The frequency of pancreatitis in children with diseases of the digestive system, according to various authors, ranges from 5 to 25%. Such a significant scatter is associated both with diagnostic difficulties and with the lack of a clear terminological definition of the subject of study. In everyday practice, there are usually four diagnoses that somehow fit into the topic of this discussion: acute pancreatitis, chronic recurrent pancreatitis, chronic latent pancreatitis, reactive pancreatitis (and/or secondary pancreatitis). The first two diseases are quite unambiguous from a diagnostic and terminological point of view, and their frequency can be reliably determined.
As for chronic latent pancreatitis, its diagnosis is very difficult due to the lack of criteria available for everyday use. The basis for such a diagnosis is usually the identification of compaction of the pancreatic parenchyma (PG) and/or its heterogeneity during ultrasound examination and the absence of corresponding clinical symptoms. However, whether these signs correspond to chronic pancreatitis in all cases is a question that is quite difficult to answer. The widespread introduction of ultrasound into clinical pediatric practice has revealed a fairly large number of such findings.
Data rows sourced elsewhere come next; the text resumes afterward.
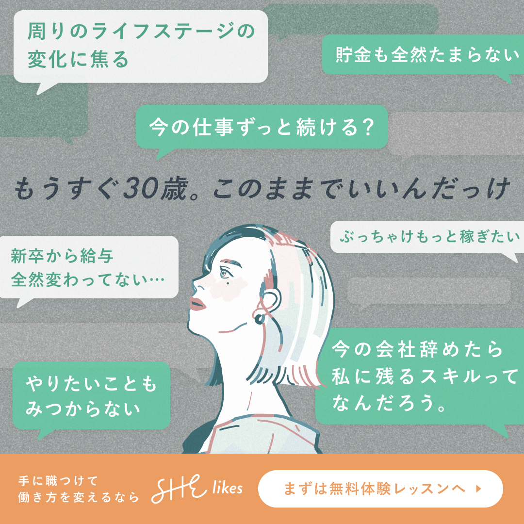 SHE株式会社様が運営する女性向けキャリアスクール「SHElikes」体験レッスンへの誘導を目的としたSNS広告バナーを制作しました。 使用ツール:Figma/制作時期:2024年5月
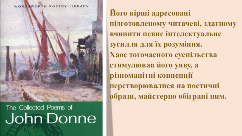 Слайд 20Його вірші адресовані підготовленому читачеві, здатному вчинити певне інтелектуальне зусилля для їх
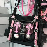 - Dive into the ultimate Y2K experience with this grunge-inspired messenger bag in classic black and pink hues.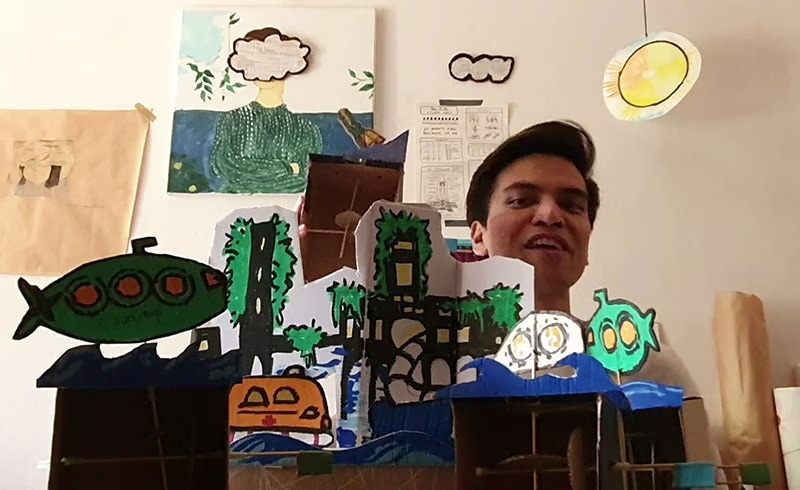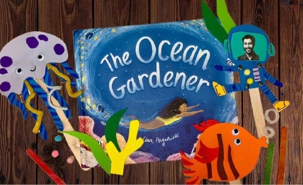 Participants can be inspired by the story of an ocean gardener who saves a coral reef and craft animal and human puppets who could live together in an Ocean City as imagined by Cesar.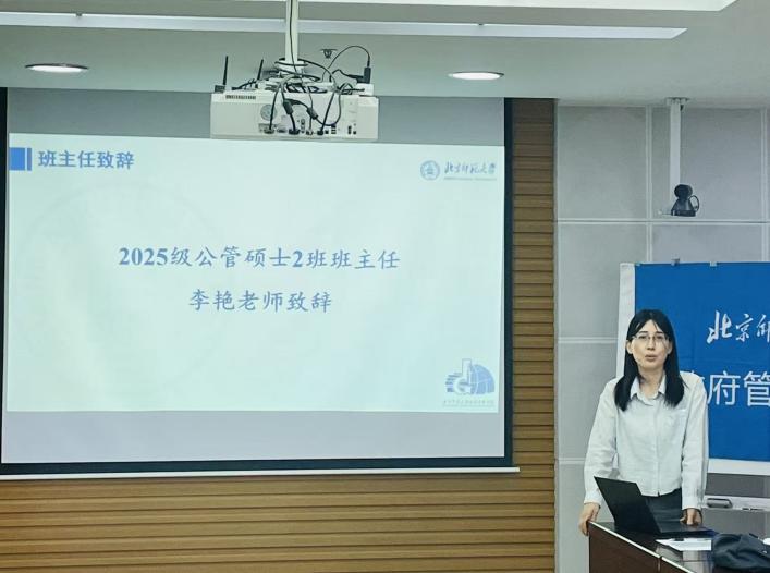 班会伊始,班主任李艳老师向班级全体新生表示热烈欢迎。李艳老师指出研究生阶段在学习方式、科研要求和成长路径等方面与本科阶段存在显著差异,期待同学们未来能够在25级公管硕士2班相互学习、充实研究生生活,奋勇向前,创造属于自己的精彩人生。

This was a cause for concern, since it indicated a high incidence of chronic latent pancreatitis in children, and also gave reason to doubt the diagnostic significance of such an interpretation of the results due to possible overdiagnosis. The question of reactive pancreatitis causes even more controversy.
Pancreatitis is based on a destructive process in the pancreas, accompanied by microcirculatory disorders (which often precede the destruction itself), an inflammatory process and, to a greater or lesser extent, fibrosis. Against the background of the latter, exocrine and/or endocrine insufficiency of the pancreas can form. To be fair, it should be noted that pancreatic insufficiency with pancreatitis in children develops relatively rarely. The active destructive process in the pancreas is accompanied by the phenomenon of “evasion of pancreatic enzymes into the blood,” an increase in their concentration in the blood due to the destruction of acinar cells and increased permeability of the barrier between the acini and the blood. This phenomenon allows one to reliably identify destruction in the pancreas and diagnose acute pancreatitis or exacerbation of chronic recurrent pancreatitis.
In light of the presented general scheme, acute pancreatitis (as well as exacerbation of chronic) is an active destructive process in the pancreas tissue. Chronic pancreatitis is characterized by fibrosis of the pancreas, against the background of which, from time to time, under the influence of various provoking factors, destructive processes develop, i.e., exacerbations occur. Chronic latent pancreatitis theoretically has the right to exist as fibrosis of the pancreas, also associated with periodic episodes of destruction, which has not manifested itself as documented exacerbations. It is assumed that the destruction of the pancreas in this case occurs gradually, which leads to the absence of a typical clinical picture and the appearance of primary chronic latent pancreatitis. This concept is logical, but we judge the frequency of this condition only from ultrasound data. Computed tomography (not to mention biopsy), which could give us more reliable information, cannot be used on a mass scale for this purpose. There are no other signs of latent pancreatitis and cannot be by definition (aka latent!). This circumstance constitutes the first serious problem facing pediatric gastroenterologists. Moreover, it also applies to the diagnosis of chronic recurrent pancreatitis without exacerbation. And it is precisely because of this that we do not have accurate statistics on pancreatitis in children.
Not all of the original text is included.